All participants also underwent anthropometric measurements by trained research nurses, including height, body weight, and abdominal circumferences. Body mass index (BMI) was calculated as weight (kg) divided by height squared (m²). When measuring blood pressure, participants were seated quietly for at least 5 min in a chair with the arm supported at heart level. An appropriate-sized cuff was applied to ensure accuracy. The systolic (SBP) and diastolic blood pressure (DBP) values of two measurements were recorded.²⁵ For skeletal muscle mass measurement, a whole body dual-energy X-ray absorptiometry (DXA) scan was performed for each participant to measure lean body mass (LBM) using a Lunar Prodigy instrument (GE Healthcare, Madison, WI). Appendicular skeletal muscle mass (ASM) was defined as the sum of the lean body mass of four limbs and was adjusted by square of height, and ASM/height² (ASM/ht², kg/m²) was used for further analysis.²⁶

Cardiometabolic risk and hormone profile

The venipuncture was done after a 10-hr overnight fast for all study subjects. Serum concentrations of glucose (mg/dL), total cholesterol (TC; mg/dL), triglycerides (TGs; mg/dL), low-density lipoprotein cholesterol (LDL-C; mg/dL), high-density lipoprotein cholesterol (HDL-C; mg/dL), uric acid (mg/dL), creatinine (mg/dL), and high-sensitivity C-reactive protein (hsCRP; mg/dL) were measured by using an automatic analyzer (ADVIA 1800, Siemens, Malvern, PA). Whole-blood glycated hemoglobin A1c (HbA1c) was measured by the enzymatic method using the Tosoh G8 HPLC Analyzer (Tosoh Bioscience, Inc., San Francisco, CA). The serum level of insulin (μIU/mL) was measured by the chemiluminescence immunoassay analyzer (ADVIA Centaur, Siemens, Malvern, PA). Homeostatic model assessment of insulin resistance (HOMA-IR) was calculated as [glucose (mg/dL) × insulin (uIU/mL)]/405.
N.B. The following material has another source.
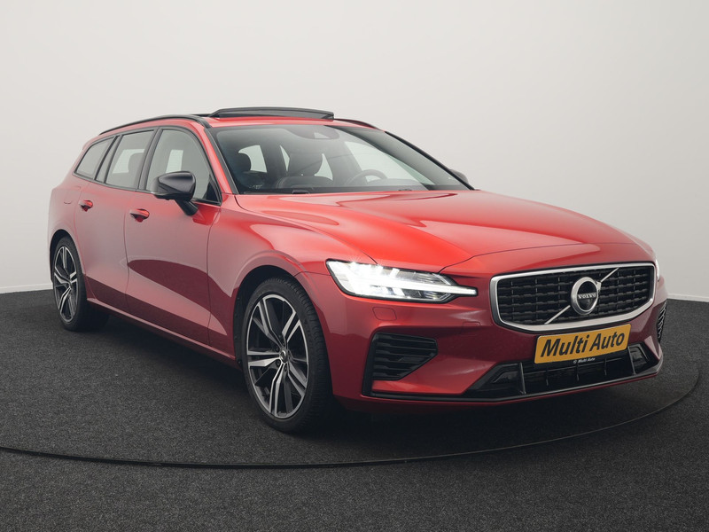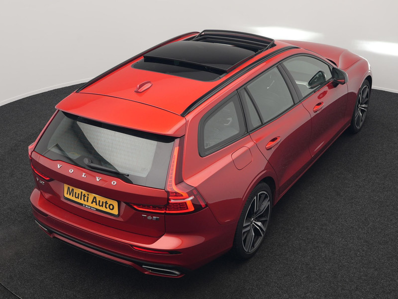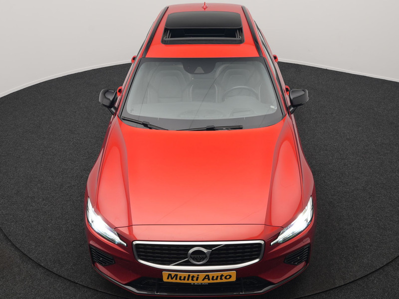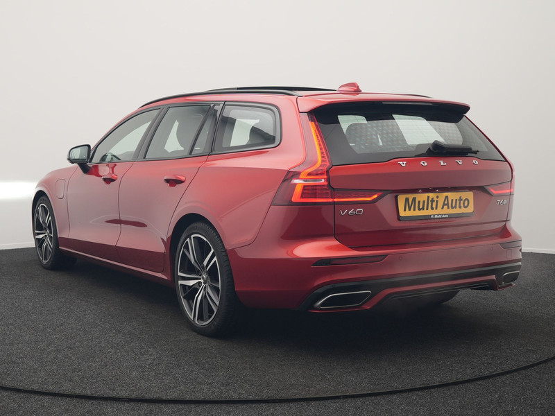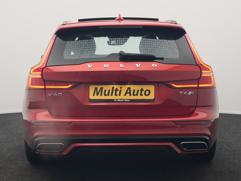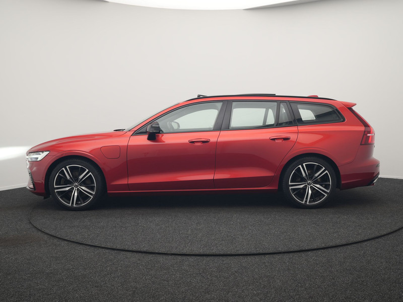 Volvo V60 T6 Twin Engine AWD R-Design Plug In Hybrid 340pk Dealer O.H. PHEV | Trekhaak Af Fabriek | Panodak | Head Up | Adaptive Cruise | 360 Camera | Lederen Sportstoelen Memory & Verwarmd | Apple Carplay | Stuur Verwarmd | Blis | Keyless | Navigatie | DAB |

Abnormality of cardiometabolic profiles were defined as follows: (1) High blood pressure, with SBP ≥140 mmHg or DBP ≥90 mmHg, (2) high TC, with TC ≥160 mg/dL, (3) low HDL-C, with serum HDL-C <40 mg/dL in men or <50 mg/dL in women, (4) high TGs, with serum TGs level ≥150 mg/dL, (5) high LDL-C, with serum LDL-C level ≥130 mg/dL, and (6) abdominal obesity, with abdominal circumference ≥90 cm in men and ≥80 cm in women. The serum levels of total testosterone (ng/dL) were measured using a chemiluminescence immunoassay analyzer (ADVIA Centaur, Siemens). Dehydroepiandrosterone sulfate (DHEA-S, μg/dL) and sex hormone-binding globulin (SHBG; nM/L) were measured by using electrochemiluminometry (Roche Elecsys e411; Roche, Indianapolis, MI). The free androgen index (FAI) was defined as total testosterone (nM/L)/SHBG (nM/L). Insulin-like growth factor-1 (IGF-1; ng/mL) was measured by chemiluminescence immunoassay analyzer (DPC Immulite 2000, SIEMENS, Malvern, PA).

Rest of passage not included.